» **DATA LISTING**:
-- -- --
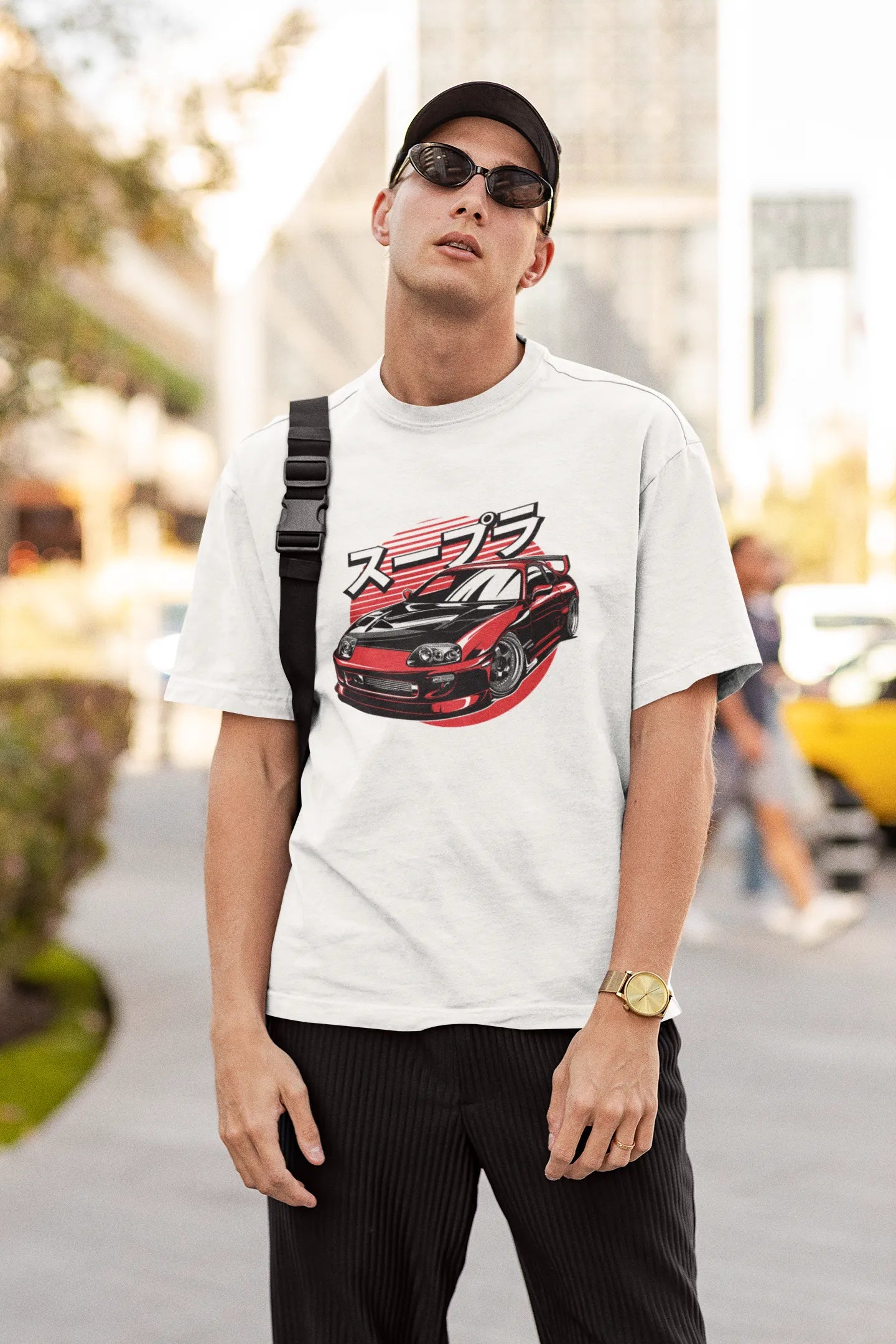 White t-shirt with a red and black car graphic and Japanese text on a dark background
-- -- --
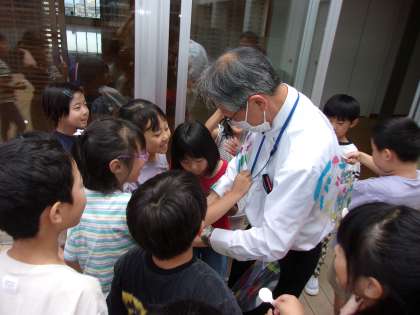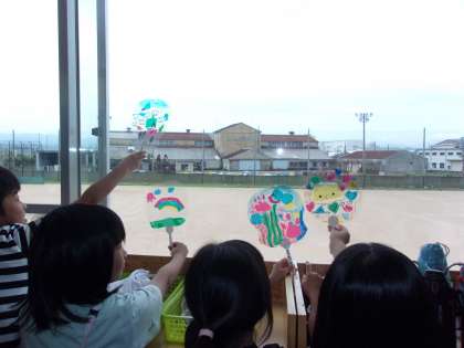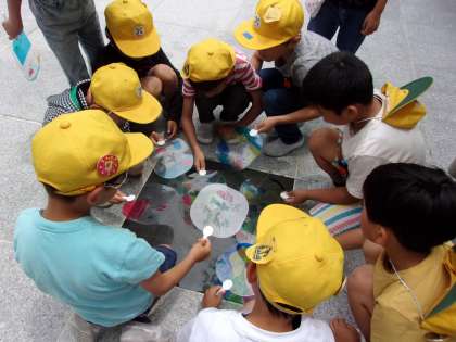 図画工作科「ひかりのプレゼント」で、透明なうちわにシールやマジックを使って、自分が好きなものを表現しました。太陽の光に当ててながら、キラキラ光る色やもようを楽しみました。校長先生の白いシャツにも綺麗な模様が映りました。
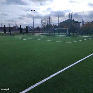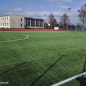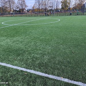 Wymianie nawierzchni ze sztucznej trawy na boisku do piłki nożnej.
-- -- --
» **WHAT IS EXPECTED**:
Above are some entries; copy exactly the lines from the line with "図画工作科「ひかりのプレゼン" through the line with "Wymianie nawierzchni ze", both included, but none of the pictures.

» **OUTPUT BELOW**:
 図画工作科「ひかりのプレゼント」で、透明なうちわにシールやマジックを使って、自分が好きなものを表現しました。太陽の光に当ててながら、キラキラ光る色やもようを楽しみました。校長先生の白いシャツにも綺麗な模様が映りました。
 Wymianie nawierzchni ze sztucznej trawy na boisku do piłki nożnej.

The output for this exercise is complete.